I'm with Don on this issue, that's the first thing that jumped out at me. It cannot be ignored. If the breaker feeding the water heater is 30A, the wires to the transformer must be 30A rated and that transformer must be listed to be protected by a 30A OCPD, which is highly doubtful. In my opinion there must at the very least be a fuse in the circuit to protect it at a lower level.

J-box with a splitter block, through wires to the heater, tap off with 240V for the transformer to a fuse (or smaller CB). It would entail a much bigger box.


----------



## piperunner (Aug 22, 2009)

*Wow*

Well iam just a old electrician but what rust i know a water heater in my house has a glass tank .

My copper pipe is now pcvc so it doesnt rust but heres some advice make sure you hook up the anode the correct way or you will have a bubble bath with Hydrogen .

By the time my water heater rust out i can buy 200 of your transformers and maybe a water heater in a life time .

What a waste of watts .


----------



## oliquir (Jan 13, 2011)

in my city average life of water heater is about 7 years before they perforate , in other city it is over 30 years


----------



## piperunner (Aug 22, 2009)

oliquir said:


> in my city average life of water heater is about 7 years before they perforate , in other city it is over 30 years


Wonder why that is must be high minerals in the water if thats the case maybe a soft water filter thats what folks use in florida we have a high sulfur issue here. 
Maybe a ground issue 

Guess theres different problems in other parts of this world .


----------



## Southeast Power (Jan 18, 2009)

oliquir said:


> Hi i have a particular projects that will be installed as the picture below.
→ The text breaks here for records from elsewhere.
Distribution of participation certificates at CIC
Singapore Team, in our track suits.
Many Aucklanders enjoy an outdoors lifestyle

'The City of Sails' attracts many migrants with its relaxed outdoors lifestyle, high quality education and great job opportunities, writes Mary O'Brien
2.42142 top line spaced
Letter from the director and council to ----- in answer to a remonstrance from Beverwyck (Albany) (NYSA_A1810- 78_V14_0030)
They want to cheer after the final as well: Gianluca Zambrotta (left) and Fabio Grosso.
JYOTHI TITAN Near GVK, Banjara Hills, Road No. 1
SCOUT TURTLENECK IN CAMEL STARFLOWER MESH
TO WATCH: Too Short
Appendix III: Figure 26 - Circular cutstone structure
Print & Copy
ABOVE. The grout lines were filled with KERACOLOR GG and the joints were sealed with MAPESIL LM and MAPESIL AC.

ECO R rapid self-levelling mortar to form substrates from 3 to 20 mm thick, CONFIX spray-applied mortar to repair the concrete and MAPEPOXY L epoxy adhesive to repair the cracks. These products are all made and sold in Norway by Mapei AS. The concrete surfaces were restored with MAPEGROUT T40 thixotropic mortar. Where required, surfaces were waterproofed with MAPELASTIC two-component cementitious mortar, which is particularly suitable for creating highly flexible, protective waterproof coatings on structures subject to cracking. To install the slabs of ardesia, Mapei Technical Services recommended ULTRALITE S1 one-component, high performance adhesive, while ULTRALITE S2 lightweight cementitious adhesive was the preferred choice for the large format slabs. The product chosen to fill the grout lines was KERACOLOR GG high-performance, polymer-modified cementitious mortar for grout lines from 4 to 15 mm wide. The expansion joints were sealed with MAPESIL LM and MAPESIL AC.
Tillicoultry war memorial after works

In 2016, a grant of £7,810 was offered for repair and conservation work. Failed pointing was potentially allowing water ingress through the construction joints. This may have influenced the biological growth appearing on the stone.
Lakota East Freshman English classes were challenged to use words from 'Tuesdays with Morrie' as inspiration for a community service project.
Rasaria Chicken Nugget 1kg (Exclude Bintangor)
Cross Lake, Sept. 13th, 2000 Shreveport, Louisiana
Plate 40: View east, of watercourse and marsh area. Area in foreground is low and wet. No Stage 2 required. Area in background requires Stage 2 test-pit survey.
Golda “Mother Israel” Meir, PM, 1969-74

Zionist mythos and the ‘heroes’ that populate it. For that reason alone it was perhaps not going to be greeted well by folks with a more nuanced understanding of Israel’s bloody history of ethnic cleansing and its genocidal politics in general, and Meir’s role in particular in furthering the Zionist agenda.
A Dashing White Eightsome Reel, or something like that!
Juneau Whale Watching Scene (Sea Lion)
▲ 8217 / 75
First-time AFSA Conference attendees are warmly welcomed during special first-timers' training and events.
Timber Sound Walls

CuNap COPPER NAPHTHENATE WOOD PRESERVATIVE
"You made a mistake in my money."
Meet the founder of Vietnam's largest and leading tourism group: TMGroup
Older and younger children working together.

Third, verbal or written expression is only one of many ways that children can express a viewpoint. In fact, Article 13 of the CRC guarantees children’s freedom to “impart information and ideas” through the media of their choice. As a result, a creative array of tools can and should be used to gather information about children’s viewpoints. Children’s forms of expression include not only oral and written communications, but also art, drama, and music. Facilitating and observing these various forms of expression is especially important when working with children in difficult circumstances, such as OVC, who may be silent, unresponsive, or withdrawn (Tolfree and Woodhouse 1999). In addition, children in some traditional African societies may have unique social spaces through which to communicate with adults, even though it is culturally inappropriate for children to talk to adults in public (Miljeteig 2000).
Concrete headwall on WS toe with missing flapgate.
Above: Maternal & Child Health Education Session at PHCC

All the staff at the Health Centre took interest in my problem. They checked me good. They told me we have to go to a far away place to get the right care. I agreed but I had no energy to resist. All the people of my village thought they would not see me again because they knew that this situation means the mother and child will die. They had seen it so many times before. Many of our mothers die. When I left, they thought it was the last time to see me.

Supply is 240V 30A breaker for a water tank heater (no neutral avalable), nmd cable is 10/2 and the small 240V transformer at top (it is cULus and has internal fuses) has a sjtw 18/2 input wire rated at 10 amps.
> 
> I know the sjtw cable is not rated at 30 amp, but as i look in CEC it enters into exception list and it is just about 1m long and is able to withsand 1/3 of breaker capacity.
> 
> ...


I would say that if you did your homework as far as the installation exception is concerned and it is code compliant, why would you need to have an ITL approval for the installation?


----------



## Shockdoc (Mar 4, 2010)

The manufacturer should produce them mounted on a plate so they can be mounted directly to a box with no SJ cord, kind of like a honeywell 24v 40 va transformer.


----------



## oliquir (Jan 13, 2011)

finally since it would not pass CEC for rule 25-750-4, we will modify some water heater inside them and will apply for special csa inspection.


----------